Task to complete:
Output everything in the data exactly, leaving the pictures out.

Supplied data:
************

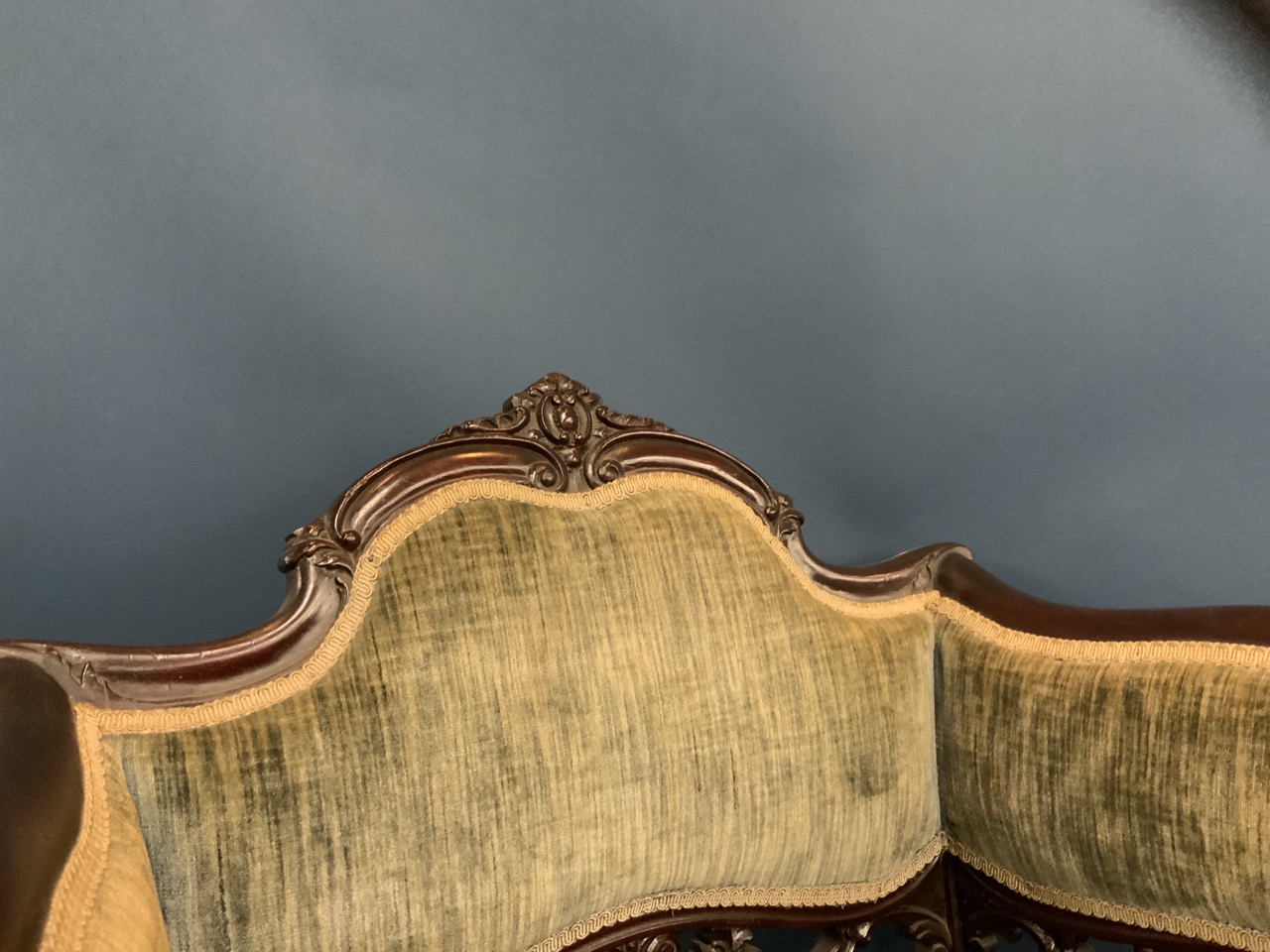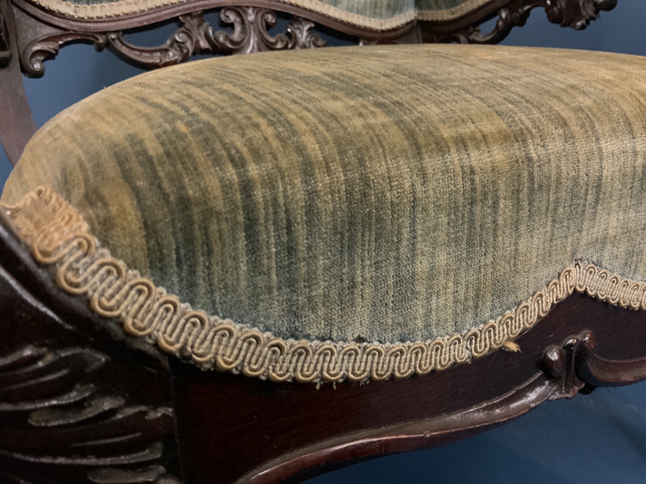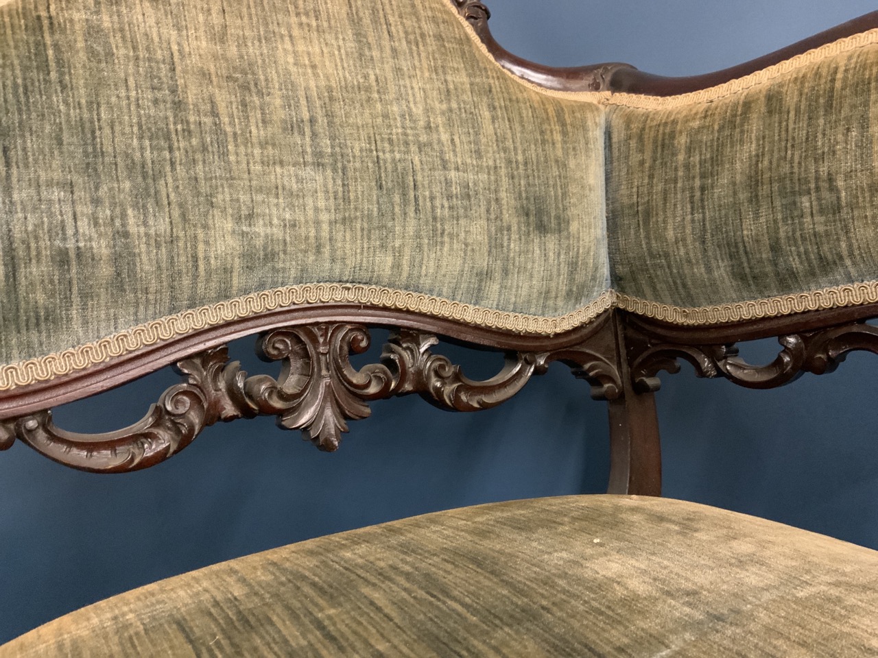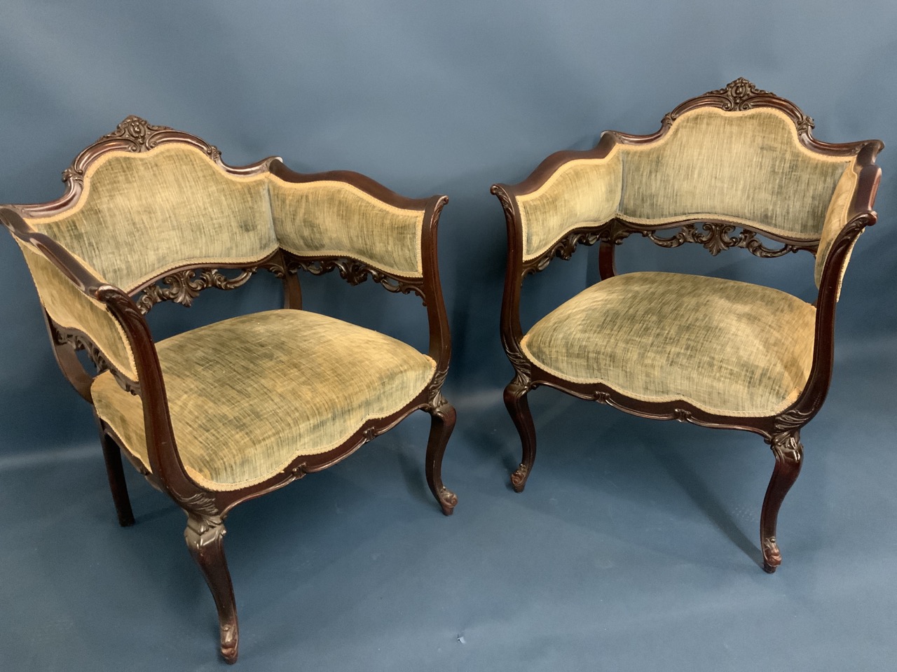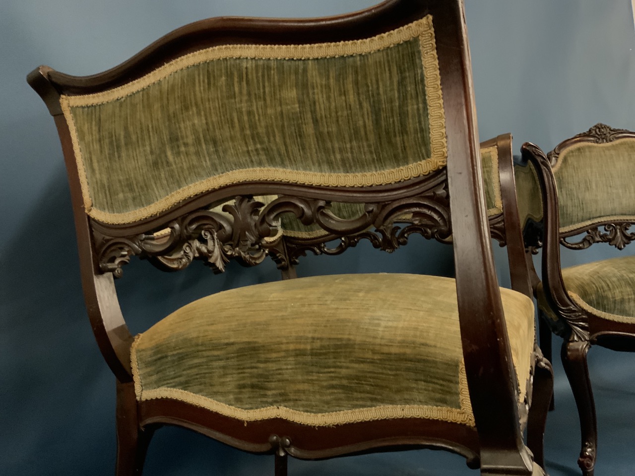 A pair of late 19th or early 20th century high quality carved mahogany arm chairs with celadon green colored upholstery.
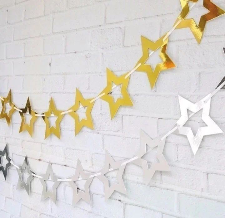 Esta hermosa guirnalda mide aproximadamente 2.5 metros y está disponible en tres colores para elegir: rosa gold, plata o dorado. Es perfecta para decorar cualquier tipo de evento, desde fiestas hasta reuniones familiares. El precio es por unidad.
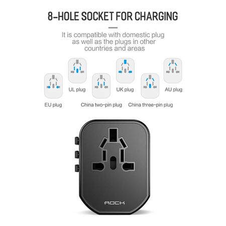 Rock Multi-functional Plug Travel Charger Universal Power Adapter

************

Solution:
 A pair of late 19th or early 20th century high quality carved mahogany arm chairs with celadon green colored upholstery.
 Esta hermosa guirnalda mide aproximadamente 2.5 metros y está disponible en tres colores para elegir: rosa gold, plata o dorado. Es perfecta para decorar cualquier tipo de evento, desde fiestas hasta reuniones familiares. El precio es por unidad.
 Rock Multi-functional Plug Travel Charger Universal Power Adapter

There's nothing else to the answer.